Wallis’s Applied to Coin Flip

Main Content

Probability when flipping \(2n\) coins and getting \(n\) heads and \(n\) tails:

\[=\frac{ {2n}\choose{n}}{2^{2n}}\approx\frac{1}{\sqrt{\pi n}}\]

Proof.

\[\text{Using Wallis's Theorem:}\] \[\begin{align} \frac \pi 2 &\approx \frac 2 1 \times \frac 2 3 \times \frac 4 3 \times \frac 4 5 \times \times\ldots\times\frac{2n}{2n-1}\times\frac{2n}{2n+1}\\ \implies \pi &\approx\frac{2\times 2\times 4\times 4\times\ldots\times 2n\times 2n}{1\times 1\times 3\times 3\times \ldots\times (2n-1)\times(2n-1)}\times\frac{2n}{2n+1}\\ \implies \sqrt{\pi}&\approx\frac{2\times 4\times\ldots\times 2n}{1\times 3\times \ldots\times (2n-1)}\times\frac{1}{\sqrt{n}}\\ \implies &\lim_{n\to\infty}\frac{2\times 4\times\ldots\times 2n}{1\times 3\times \ldots\times (2n-1)}\times\frac{1}{\sqrt{n}}=\sqrt{\pi}\\\\ &\frac{2\times 4\times\ldots\times 2n}{2\times 4\times\ldots\times 2n}\times\left(\frac{2\times 4\times\ldots\times 2n}{1\times 3\times \ldots\times (2n-1)}\times\frac{1}{\sqrt{n}}\right)\\ &=\left(\frac{2^2\times 4^2\times\ldots\times 2n^2}{1\times 3\times \ldots\times (2n-1)\times2\times 4\times\ldots\times 2n}\times\frac{1}{\sqrt{n}}\right)\\ &=\frac{2^{2n}(n!)^2}{(2n)!}\approx \sqrt{\pi}\times\sqrt{n}=\sqrt{\pi n}\\ &\frac{(2n)!}{2^{2n}(n!)^2}\approx\frac{1}{\sqrt{\pi n}}\\ &\frac{ {2n}\choose{n}}{2^{2n}}\approx\frac{1}{\sqrt{\pi n}}\ \ \ \ \blacksquare \end{align}\]

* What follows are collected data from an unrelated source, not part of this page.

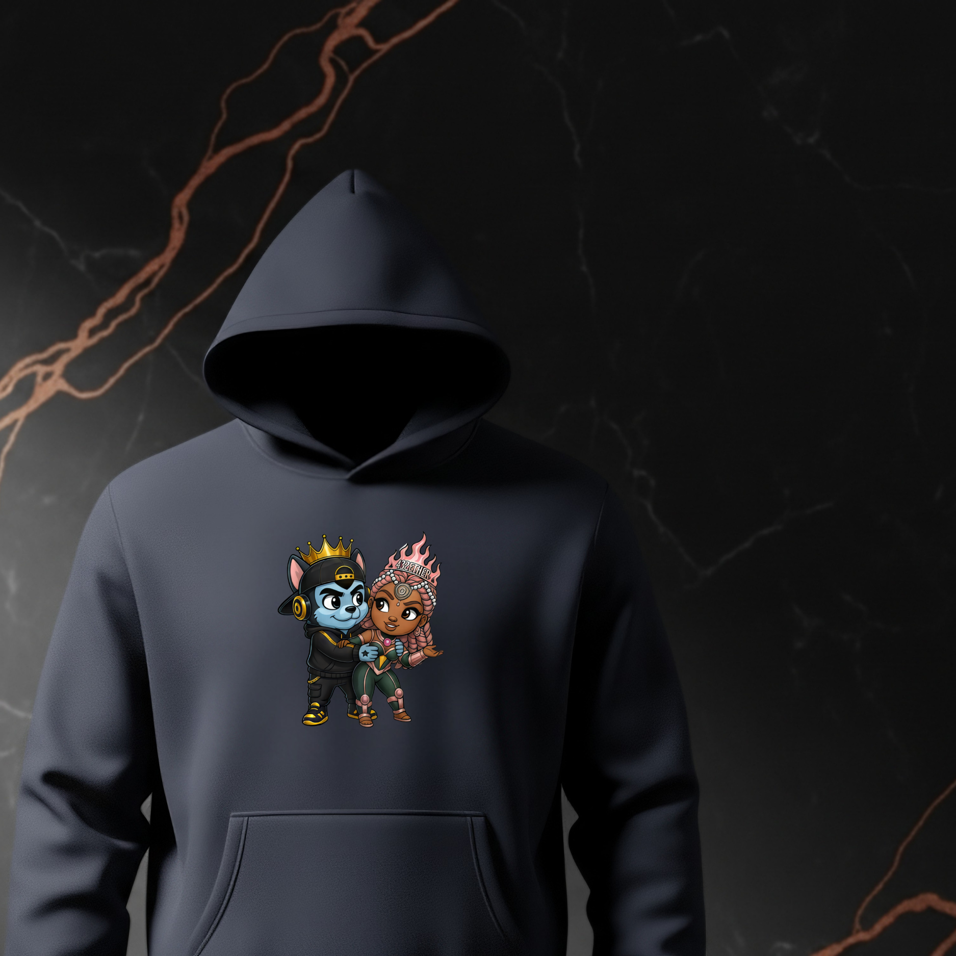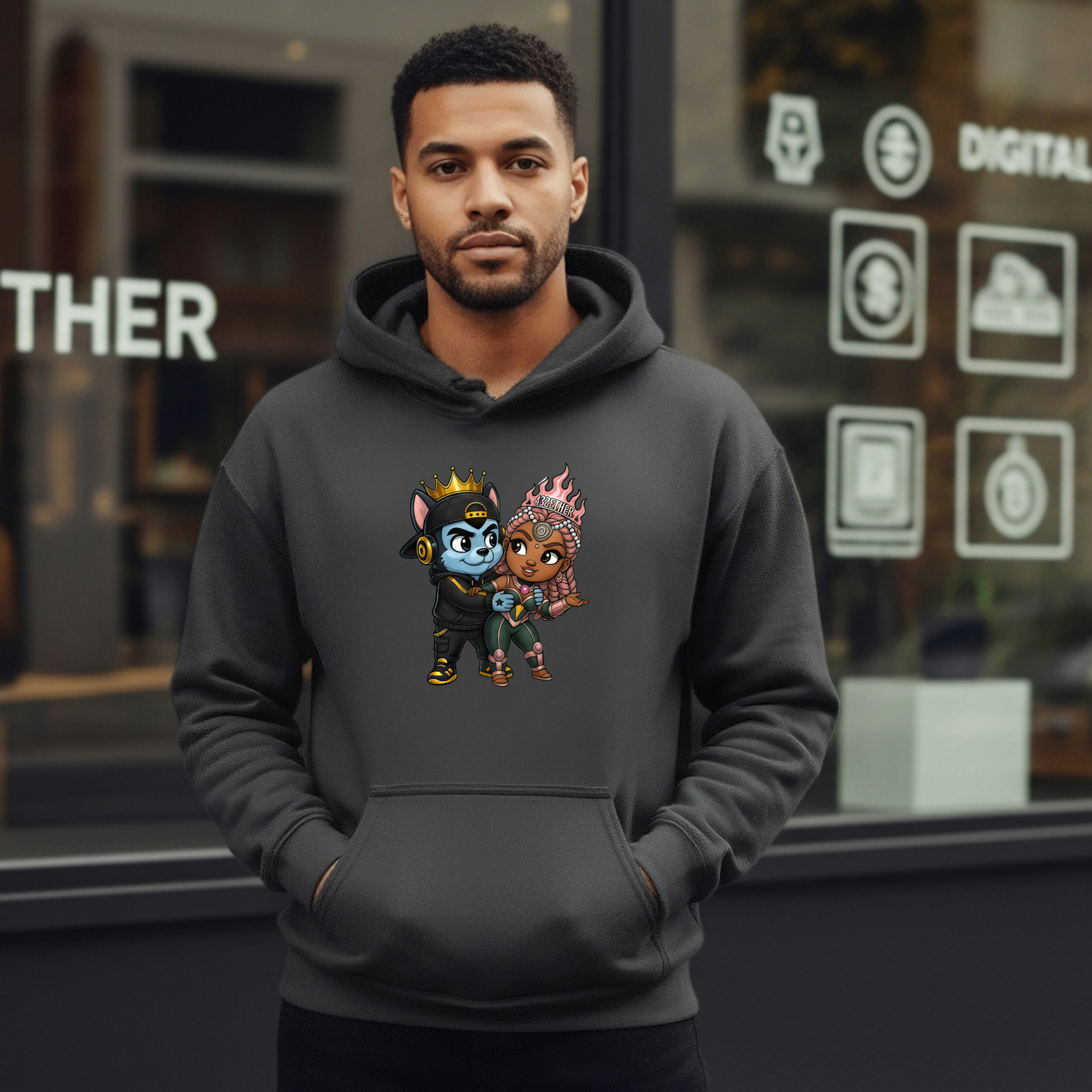 A perfect blend of street royalty and cosmic energy. This 432ETHER artwork showcases the Crowned King—draped in gold-accented streetwear—and the radiant Flame Empress, glowing with elemental aura and divine confidence. Their chemistry is bold, playful, and unmistakably powerful, capturing the essence of 432ETHER’s universe:
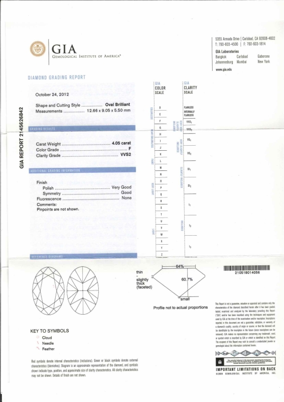 GIA, October 24, 2012 - report n°2145626842 - 4,05 ct F VVS2
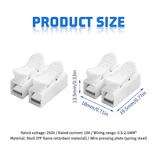 Laughhe Connettori a Molla, 100 Pezzi Ch-2 Block Connettori per Cavi Elettrici, Morsettiera a Molla Rapida, Morsettiere Elettriche Connettori a Striscia Set di Strisce per Cavi di Collegamento
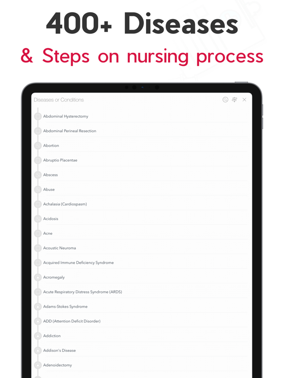Features all nursing diagnoses & interventions. 400+ diseases. Steps on nursing process. Built-in calculators. Prioritized interventions.
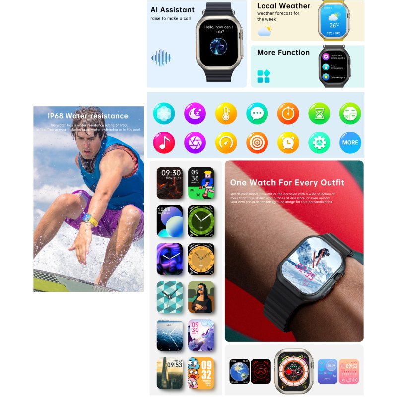 Connectivity at your fingertips: The W800 Ultra Smart Watch features Bluetooth phone capabilities, allowing seamless phone calls and messages directly from your wrist. Effortlessly switch between multiple watch faces to match your mood and outfit. With integrated WeChat and Alipay payment functions, make transactions securely and conveniently.
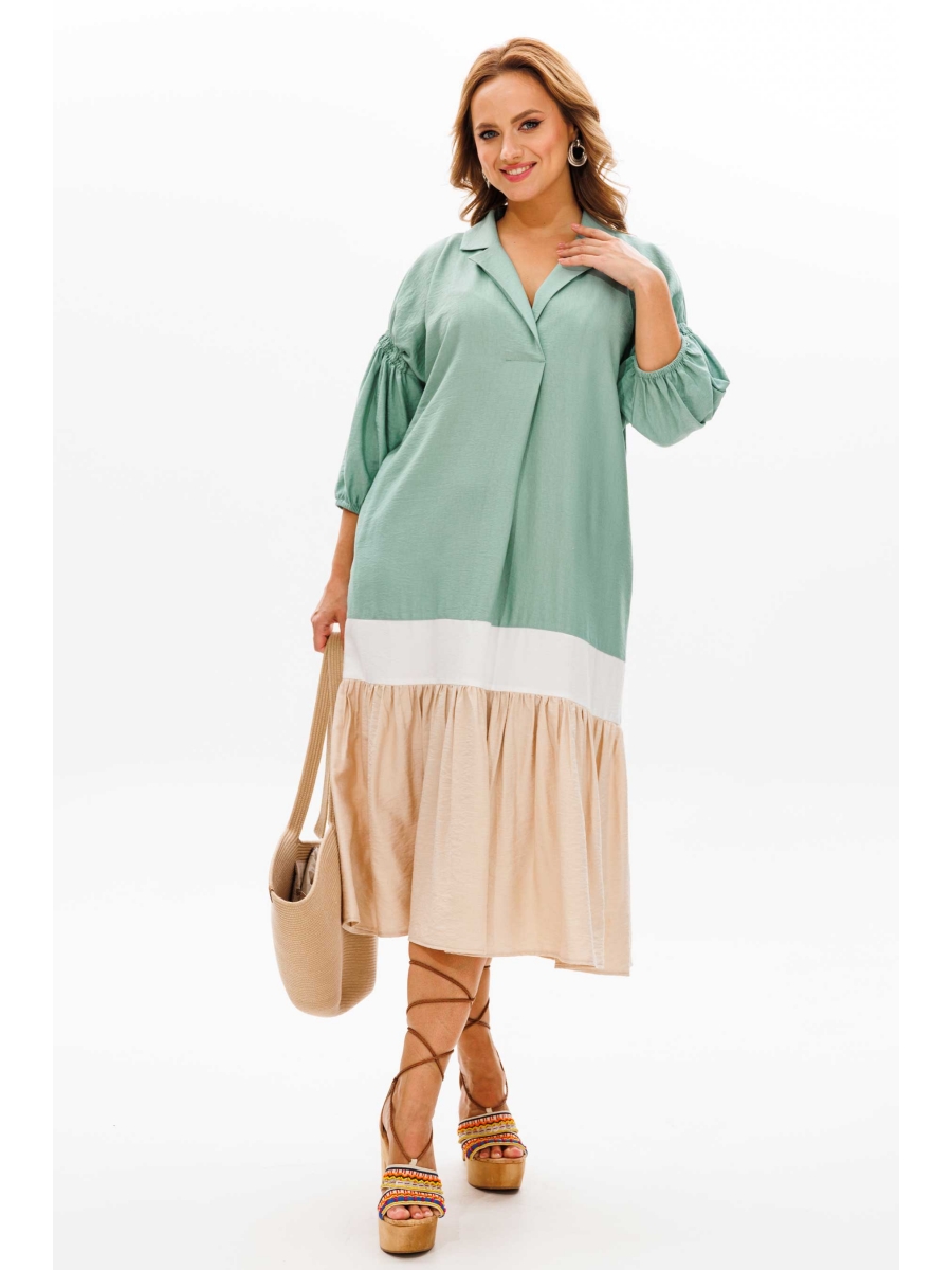 Платье женское свободного силуэта. Воротник пиджачного типа. По переду заход бортов переходит в фасонную складку. Низ юбки платья со вставкой и присборенным воланом. Рукав спущенный, по линии приталенная сборка на венгерку. К низу расширенный рукав на резинке.
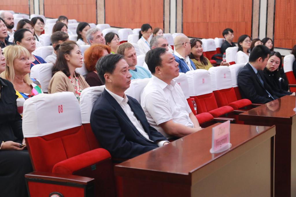 在阶梯教室,党委书记施利民会见了全体代表,并代表全校师生欢迎代表团的到来,副院长赵六杰主持见面会并致词。随后,代表团中来自韩国、吉尔吉斯斯坦、芬兰、尼泊尔、瑞典、希腊、加拿大、澳大利亚、俄罗斯等10多个国家的友好城市及友好交流城市代表约50名外宾共同观看了贝博官网的宣传片。

Approximating \(\pi\) Using Wallis’s

Main Content

According to Wallis’s Theorem:

\[\begin{align} &\lim_{n\to\infty}\frac 2 1 \times \frac 2 3 \times \frac 4 3 \times \frac 4 5 \times \times\ldots\times\frac{2n}{2n-1}\times\frac{2n}{2n+1}=\frac{\pi}{2}\\ &\implies \pi = 2\times \lim_{n\to\infty}\frac 2 1 \times \frac 2 3 \times \frac 4 3 \times \frac 4 5 \times \times\ldots\times\frac{2n}{2n-1}\times\frac{2n}{2n+1} \end{align}\]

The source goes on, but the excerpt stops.